PROBLEM TO SOLVE
Could you print the stretch of lines below from the one with "This explosion of" through the one with "Number: 03**** |", exactly as they stand and without any pictures?

STORED DATA
────────────────────────────────────────
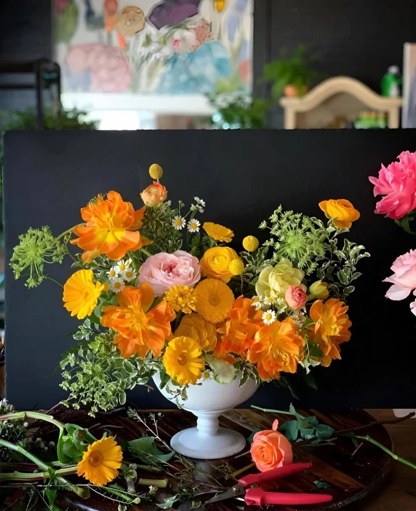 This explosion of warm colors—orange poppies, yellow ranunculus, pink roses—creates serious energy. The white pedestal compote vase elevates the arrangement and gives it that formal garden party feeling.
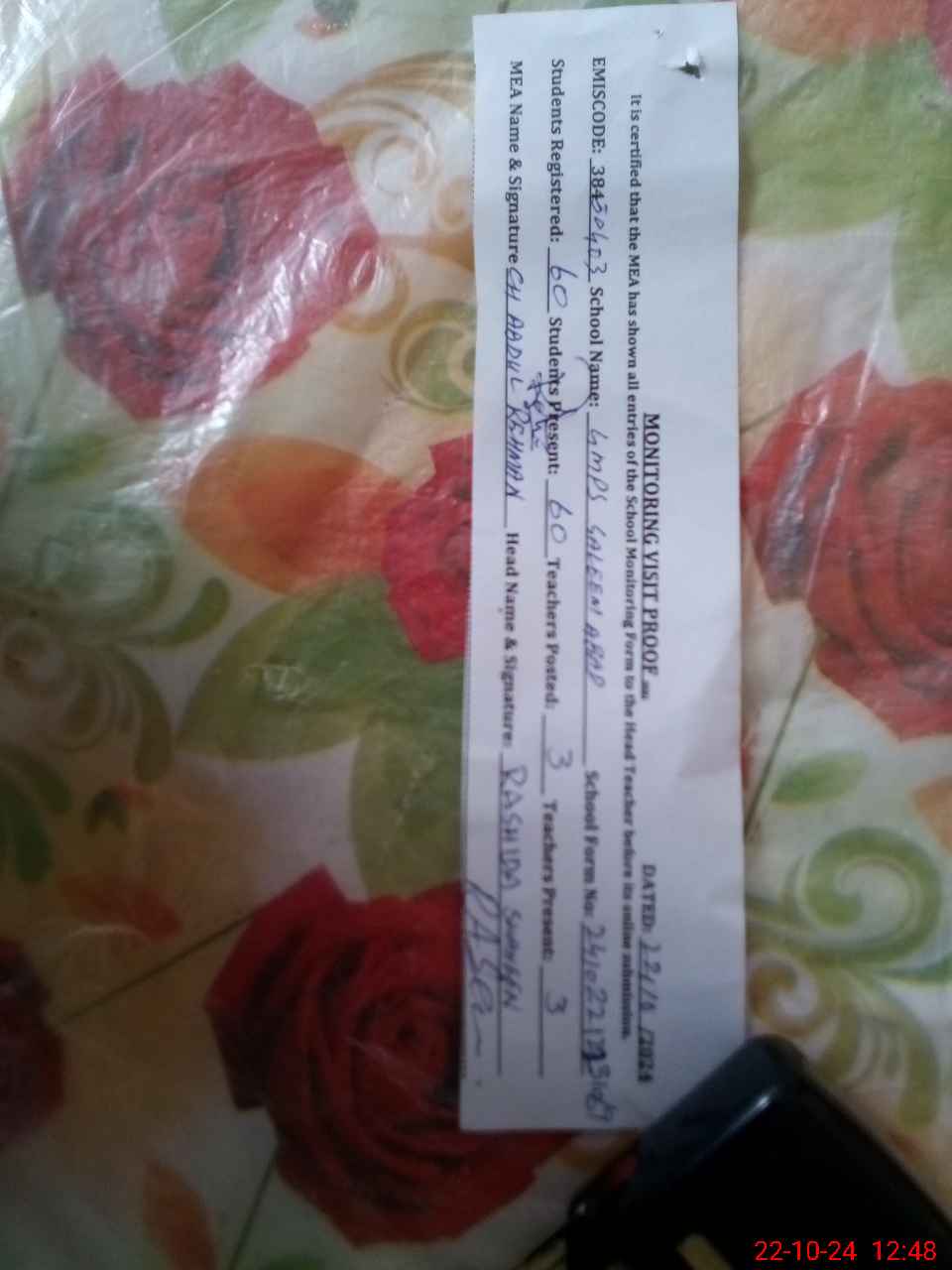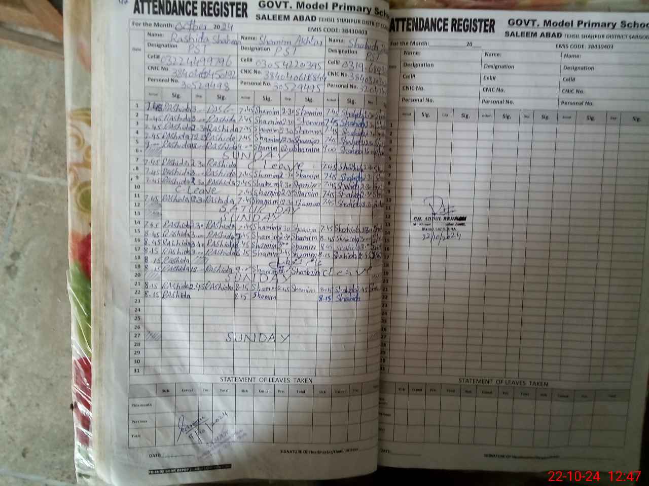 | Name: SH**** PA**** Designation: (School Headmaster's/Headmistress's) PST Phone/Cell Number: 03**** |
────────────────────────────────────────
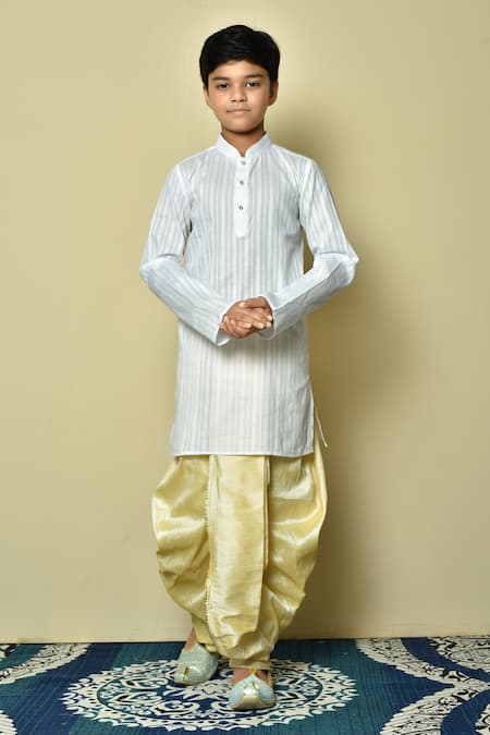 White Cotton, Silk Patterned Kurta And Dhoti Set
────────────────────────────────────────
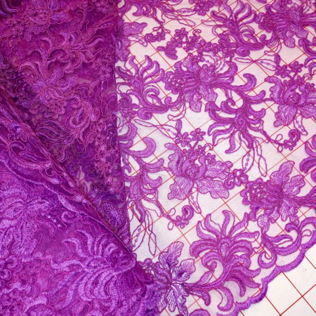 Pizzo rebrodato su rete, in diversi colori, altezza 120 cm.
────────────────────────────────────────
ANSWER TO THE EXERCISE
 This explosion of warm colors—orange poppies, yellow ranunculus, pink roses—creates serious energy. The white pedestal compote vase elevates the arrangement and gives it that formal garden party feeling.
 | Name: SH**** PA**** Designation: (School Headmaster's/Headmistress's) PST Phone/Cell Number: 03**** |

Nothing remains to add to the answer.